Она молчала, молчал и я, не зная, чем ответить. Потом, не видя моей реакции, Милена продолжила совсем иным голосом:

– Ты думаешь, это просто так? Думаешь, я, еще до того как придти к тебе, обнюхалась вчера. Или чушь несу, потому что не проснулась?

– Последнее вернее. Мила, успокойся и ложись. Ничего со мной не случится. Я в Кремль и сразу обратно. Вечером буду.

Она помолчала.

– Вечером меня не будет. Я ведь тоже работаю.

Я сперва не понял, о чем она. Потом догадался. Сел рядом, выключив медленно жужжавшую бритву, в которой начал садиться аккумулятор.

– Моя жизнь – работа. Моя роль – работа. Я вся сама по себе работа. И я сама это выбрала, это мой крест, и не надо меня за это жалеть или проклинать, – зло говорила Милена, не повышая голоса. Но от этого ее полушепота меня пробрала дрожь.

– Куда ты сегодня? – тихо спросил я.

– В храм Ктулху. Буду проводить церемонию освящения на пару с попиком-расстригой. Он оформился священником при этом храме. Я… не знаю, вроде как тоже жрица…. Как будто из другой жизни….

– Наверное, действительно из другой.

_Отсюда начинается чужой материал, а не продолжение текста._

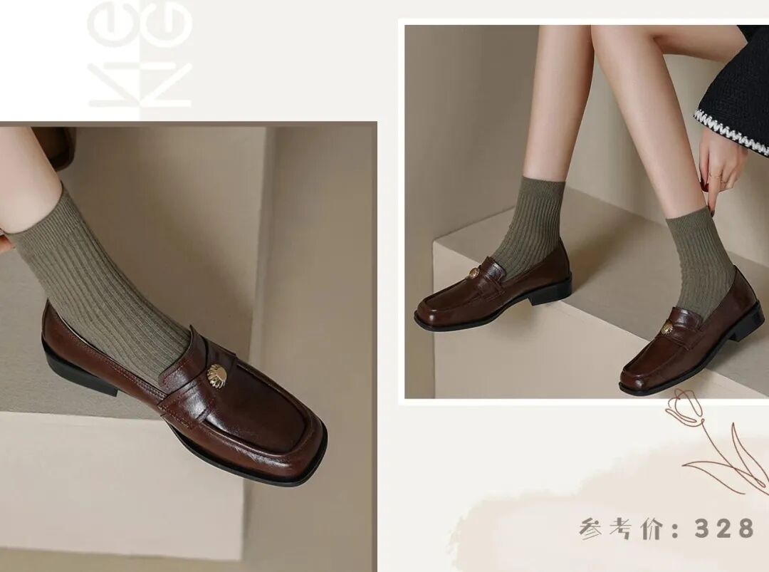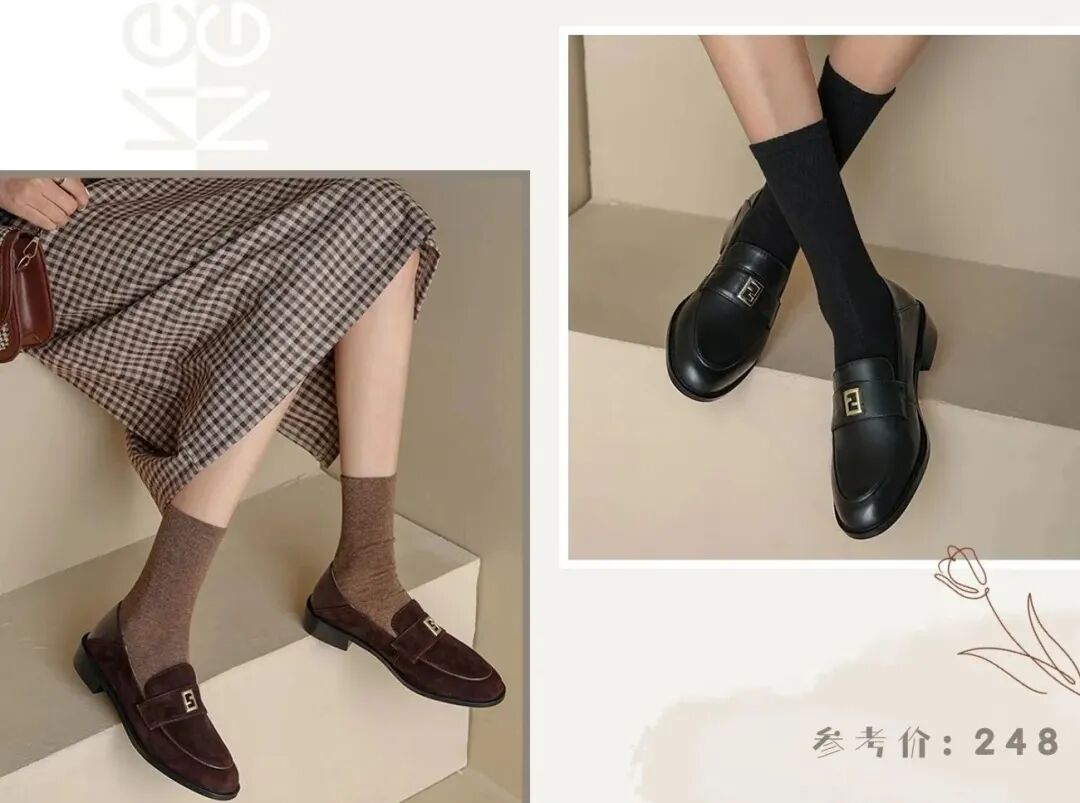 春天就是露脚踝的季节呀,这种后跟可踩的乐福鞋,方便的同时,还非常显脚瘦!棕色绒面高级复古,哑光黑色经典大气,实在是太nice了~

Мила, может, ты не будешь…

– Может, ты не будешь? – вопросом на вопрос ответила она.

– Прости.

– Нет, это ты меня прости, – немедленно ответила она. – Это сон. Это все дурной сон. Просто… знаешь, я очень беспокоюсь за тебя. Я… даже не знаю, как сказать, я… – и, не договорив, закончила совсем по-другому: – Уходи. Пожалуйста, не мучь, уходи. Только… будь осторожен.

Она зарылась в подушки, закрылась ими, прикрыв свое худенькое тело. Оставляя меня наедине с завязыванием галстука. Я медленно вышел из спальни. Вспомнил, что так и не почистил зубы, вот парадокс, совсем забыл, вернулся в ванную. Когда шнуровал ботинки, услышал шорох, донесшийся из спальни.

Милена вышла, закутавшись в пододеяльник с головой. Посмотрела на меня заспанными глазами. И произнесла едва слышно:

– Хочешь, я сама повинюсь перед Валькой?

– Ты о чем?

– О вчерашнем.

– Но ведь вчера не было того, за что ты могла бы повиниться.

– Ты тоже так думаешь? – я не ответил. Она кивнула: – Хорошо, я ничего ей не скажу. Или скажешь ты. Она ведь не поймет.

Помолчав недолго, и снова не дождавшись ответа, она пожелала мне удачи, и вернулась в спальню. Я вышел, осторожно закрыв за собой дверь.

30.

Голова кружилась. Мысли путались. Образы прошлого и настоящего менялись перед глазами, подобно огням пролетавших фонарей.